Chaining Filters With AND
Multiple filters can be applied to a single SELECT statement by linking them together using the AND keyword as shown:
SELECT EmployeeID, LastName, FirstName, Title, City FROM Employees WHERE Title = 'Sales Representative' AND City = 'London'
As you can see, now were are only pulling London based Sales Reps. What if we wanted to do the opposite and pull all of the Sales Reps that do not work in London?
Reversing Filters with Negation
We can use the ‘not equal’ symbol <> to filter records that match the search string. Take a look at this query:
SELECT EmployeeID, LastName, FirstName, Title, City FROM Employees WHERE Title = 'Sales Representative' AND City <> 'London'
This is the same as our last query except for the City filter. You will notice that instead of using = we use <> to specify that we should not pull records that match the string. If we take a look at the result set we can see this in action.
What if we wanted to pull all of our Sales Reps that live in either Seattle or London? A common beginners mistake would be to try something like this:
SELECT EmployeeID, LastName, FirstName, Title, City FROM Employees WHERE Title = 'Sales Representative' AND City = 'London' AND City = 'Seattle'
But if you were to run this code you would get 0 records back. What gives? The reason that you wouldn’t get the expected results has to do with the way that the logic works for the WHERE clause. If you have no experience with boolean algebra then I strongly suggest that you read my posts covering the subject here. When you are ANDing filters together you can imagine the filter looking at each row and then applying the filters one by one to get a bunch of boolean (true or false) values linked together with the keywords that are separating the filters (in this case, AND). Once the boolean algebra is worked out, the final value of the equation determines weather the row will be included or not. Let’s take a look at an example. I have the record for EmployeeID 1 here side by side with the WHERE clause.

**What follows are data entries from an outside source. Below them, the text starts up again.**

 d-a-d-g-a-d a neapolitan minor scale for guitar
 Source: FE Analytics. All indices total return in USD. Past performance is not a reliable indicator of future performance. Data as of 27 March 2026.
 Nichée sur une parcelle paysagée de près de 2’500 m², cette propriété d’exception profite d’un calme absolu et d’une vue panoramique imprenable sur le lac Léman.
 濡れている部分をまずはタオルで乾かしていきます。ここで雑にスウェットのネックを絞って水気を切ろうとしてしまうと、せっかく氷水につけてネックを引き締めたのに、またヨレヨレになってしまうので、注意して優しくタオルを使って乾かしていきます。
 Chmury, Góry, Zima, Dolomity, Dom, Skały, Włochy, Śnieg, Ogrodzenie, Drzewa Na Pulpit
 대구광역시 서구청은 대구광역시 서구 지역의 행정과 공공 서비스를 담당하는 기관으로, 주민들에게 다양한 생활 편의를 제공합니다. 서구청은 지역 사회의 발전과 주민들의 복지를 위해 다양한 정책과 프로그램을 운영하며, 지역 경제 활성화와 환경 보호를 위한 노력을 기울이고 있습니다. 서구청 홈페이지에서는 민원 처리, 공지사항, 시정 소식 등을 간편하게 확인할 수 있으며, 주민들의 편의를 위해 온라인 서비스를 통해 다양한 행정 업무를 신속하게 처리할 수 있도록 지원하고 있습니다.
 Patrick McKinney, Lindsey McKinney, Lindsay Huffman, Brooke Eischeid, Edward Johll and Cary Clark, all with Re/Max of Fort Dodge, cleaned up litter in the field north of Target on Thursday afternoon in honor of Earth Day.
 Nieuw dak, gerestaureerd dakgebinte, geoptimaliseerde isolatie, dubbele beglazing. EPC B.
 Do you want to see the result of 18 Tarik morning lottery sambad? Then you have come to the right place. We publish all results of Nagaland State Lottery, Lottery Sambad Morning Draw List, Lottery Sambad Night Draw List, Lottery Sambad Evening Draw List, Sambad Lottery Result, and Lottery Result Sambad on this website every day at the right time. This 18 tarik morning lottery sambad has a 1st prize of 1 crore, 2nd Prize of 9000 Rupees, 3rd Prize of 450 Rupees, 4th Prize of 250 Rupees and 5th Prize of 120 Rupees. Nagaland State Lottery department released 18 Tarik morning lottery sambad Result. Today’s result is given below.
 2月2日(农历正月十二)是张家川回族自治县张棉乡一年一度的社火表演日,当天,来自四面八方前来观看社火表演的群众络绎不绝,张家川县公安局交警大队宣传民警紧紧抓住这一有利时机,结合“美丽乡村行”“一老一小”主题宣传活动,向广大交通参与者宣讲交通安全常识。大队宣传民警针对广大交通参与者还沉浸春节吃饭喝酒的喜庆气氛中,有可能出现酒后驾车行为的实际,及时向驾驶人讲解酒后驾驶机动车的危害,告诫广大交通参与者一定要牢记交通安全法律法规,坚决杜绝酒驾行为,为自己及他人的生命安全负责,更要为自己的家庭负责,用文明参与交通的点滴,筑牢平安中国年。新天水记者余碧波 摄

WHERE Title = ‘Sales Representative’ AND City = ‘London’ AND City = ‘Seattle’
Title = ‘Sales Representative’ matches so it gets a ‘true’ value, City = ‘London’ does not match so it gets a ‘false’ value, and City = ‘Seattle’ matches so it gets a ‘true’ value. Let’s look at the boolean equation that this produces when chained with our logical keywords.
true AND false AND true
So this will evaluate to false and the record will not be pulled into the result set. In fact, whenever you have two different values for the same column ANDed together you will end up with a negation (a statement that always evaluates to false). We will need a new way to filter to query this data.
Chaining Filters with OR
In order to create a query that will give us all users that live in either London or Seattle we need to use the OR filter.
SELECT EmployeeID, LastName, FirstName, Title, City FROM Employees WHERE Title = 'Sales Representative' AND (City = 'London' OR City = 'Seattle')
Notice that I have added parentheses to the WHERE clause. When combining ands and ors it is important to do this. Without the parentheses, SQL will try to read the where clause left to right and you will end up with an extra record. Here is how the where clause will evaluate logically without the parentheses:
WHERE Title = ('Sales Representative' AND City = 'London') OR City = 'Seattle'
Now that we have seen the major operators, let’s take a look at some ways that we can apply some more fine grained filters.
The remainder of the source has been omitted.